Extract, exactly and without pictures, every line from the one that includes "Fästade Vit ros-blommor" through the final line of the material below.
-- MATERIAL PROVIDED follows --
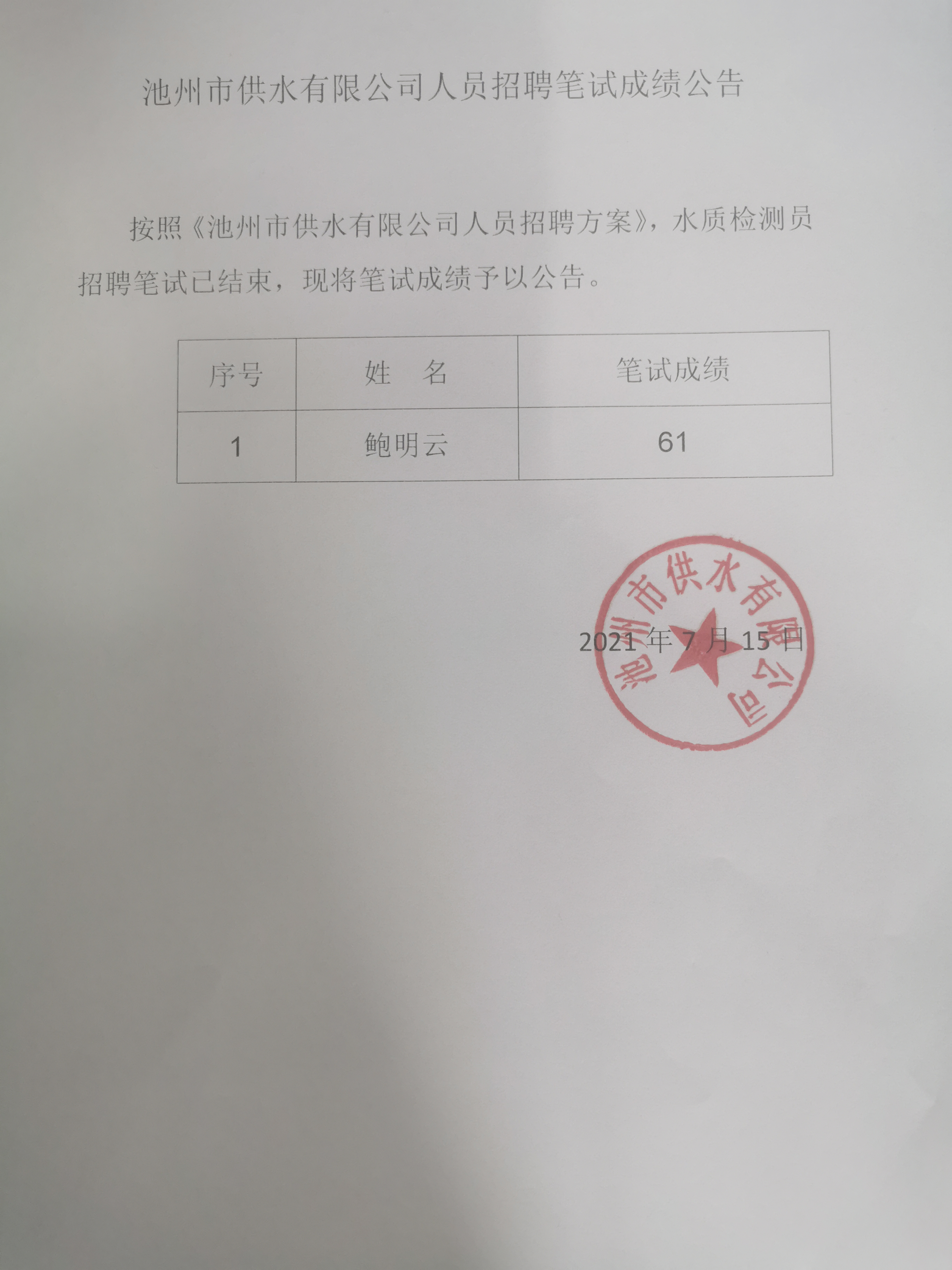 | 水質(zhì)檢測員招聘筆試成績公告 | |
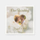 Fästade Vit ros-blommor med Personligt bröllp-foto Pappersservett
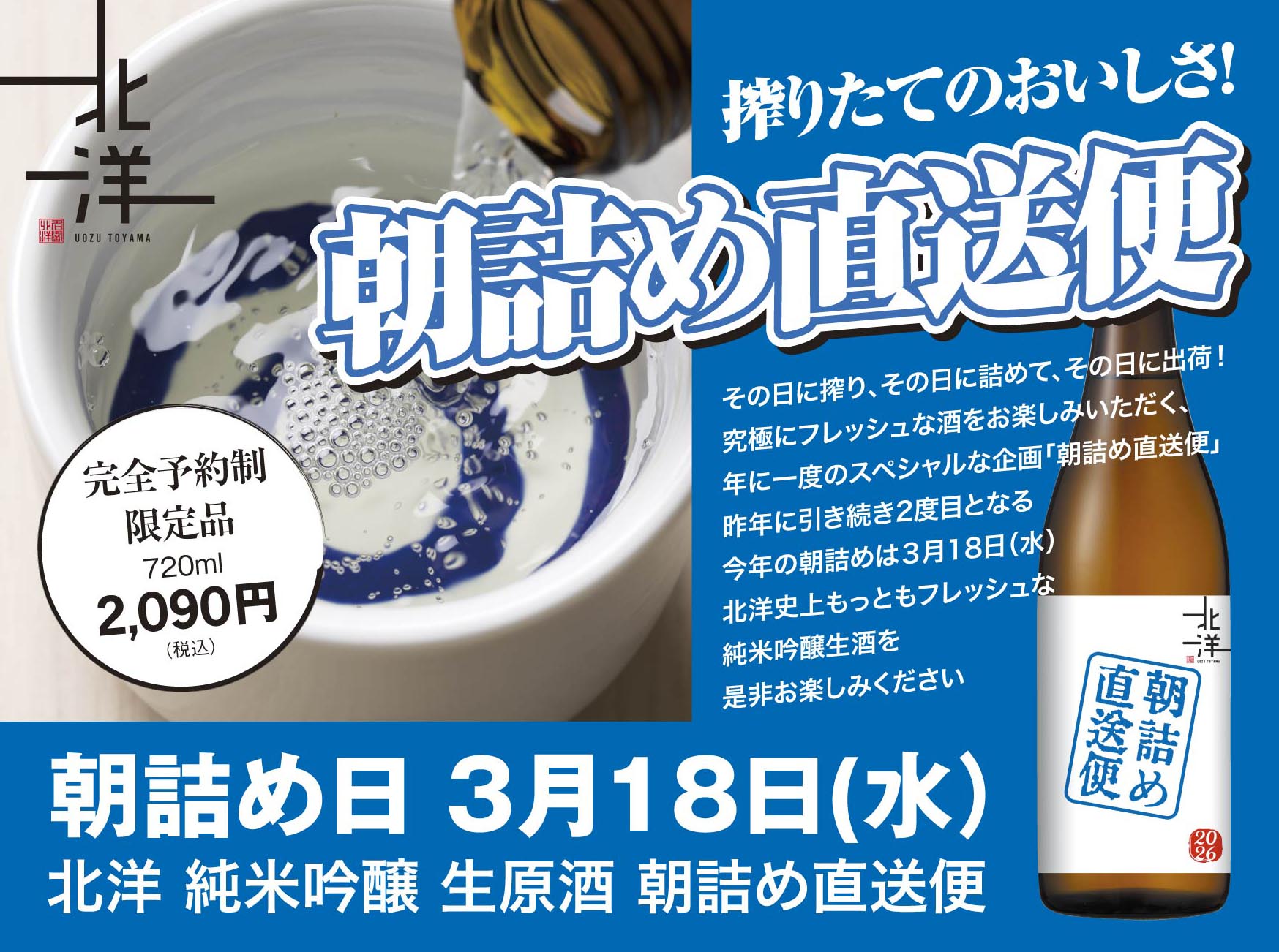 【限定商品のご案内】3月18日(水)北洋 純米吟醸 無濾過生原酒 朝詰め直送便
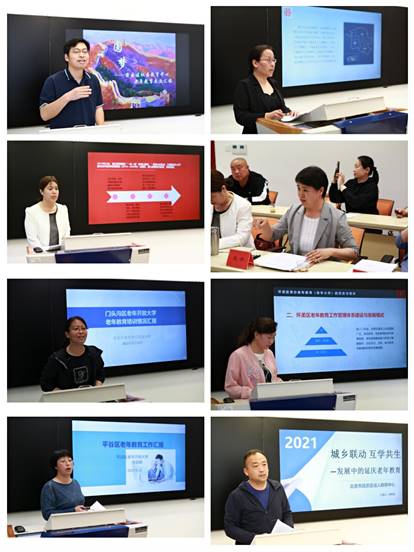 各区老年开放大学校长以鲜活的实践案例,分享了各自在发展老年教育中取得的成绩、经验和思考。北京老年开放大学负责人围绕北京老年开放大学的工作职能定位、工作进展进行主题发言,并结合“智慧助老”等专项行动计划介绍了2021年的工作设想。随后与会人员围绕全市老年教育的历史与现状、存在的主要问题、未来发展建议等方面进行了深入的交流。
-- MATERIAL PROVIDED concluded --
§ RESPONSE AREA:
 Fästade Vit ros-blommor med Personligt bröllp-foto Pappersservett
 【限定商品のご案内】3月18日(水)北洋 純米吟醸 無濾過生原酒 朝詰め直送便
 各区老年开放大学校长以鲜活的实践案例,分享了各自在发展老年教育中取得的成绩、经验和思考。北京老年开放大学负责人围绕北京老年开放大学的工作职能定位、工作进展进行主题发言,并结合“智慧助老”等专项行动计划介绍了2021年的工作设想。随后与会人员围绕全市老年教育的历史与现状、存在的主要问题、未来发展建议等方面进行了深入的交流。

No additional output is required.